Attach strace to your currently running SQL Server process (sqlservr). So let’s start with finding our SQL Server process with ps. There is always two (insert Sith reference) you’re going to want the child process here. Easily identified by the one with the higher process ID. So we’ll pick 1416.

[root@server2 ~]# ps -aux | grep sqlservr

mssql      1414  3.0  0.4 198156 18244 ?        Ssl  06:23   0:04 /opt/mssql/bin/sqlservr

mssql      1416  6.3 15.9 1950768 616652 ?      Sl   06:23   0:08 /opt/mssql/bin/sqlservr

Let’s walk through the strace parameters here, -t adds a time stamp, -f will attach strace to any threads forked from our traced process and -p is the process we want to trace .

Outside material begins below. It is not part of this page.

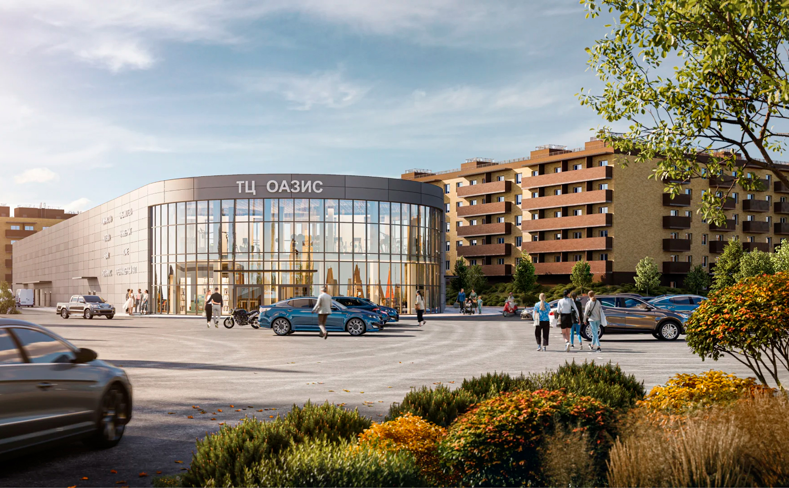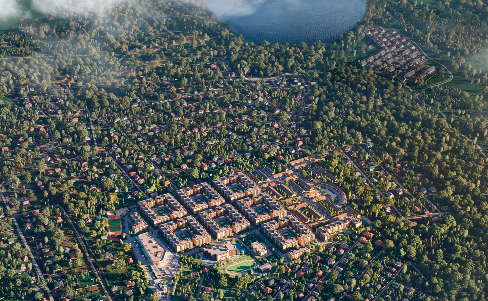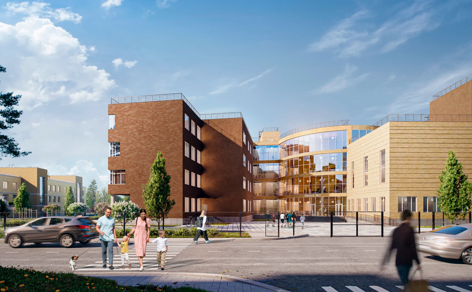 На территории жилого комплекса реализована концепция двор без машин, оборудованы детские и спортивные площадки. Для семей с детьми предусмотрены собственные школа на 400 мест и детский сад на 138 мест. На территории комплекса есть торговый центр с сетевыми магазинами, химчисткой, коворкингом, фитнес-клубом, салоном красоты, кафе и развлекательными зонами.

strace -t -f -p 1416 -o new_database.txt

Creating a Database with Instant File Initialization

With strace up and running let’s turn on the trace flags to enable output for Instant File Initialization and create database that has a 100MB data file and a 100MB log file. Check out this post from Microsoft for more details on the trace flags. This database create code is straight from their post. I changed the model database’s data and log file sizes to 100MB each. Also, it’s important to note Instance File Initialization is only for data files, log files are zeroed out due to requirements for crash recovery. We’re going to see that in action in a bit…

DBCC TRACEON(3004,3605,-1)




EXEC sp_readerrorlog




DBCC TRACEOFF(3004,3605,-1)

Once the database creation is done, stop your strace and let’s go and check out the data gathered in the file.

Poking Around in Linux Internals, Creating the MDF

Inside your output file you’re going to see a collection of system calls. In Linux a system call is the way a user space program can ask the kernel to do some work. And in this case SQL Server on Linux is asking the kernel to create a data file, create a log file and zero out the log file. So let’s check out what happens when the MDF is created.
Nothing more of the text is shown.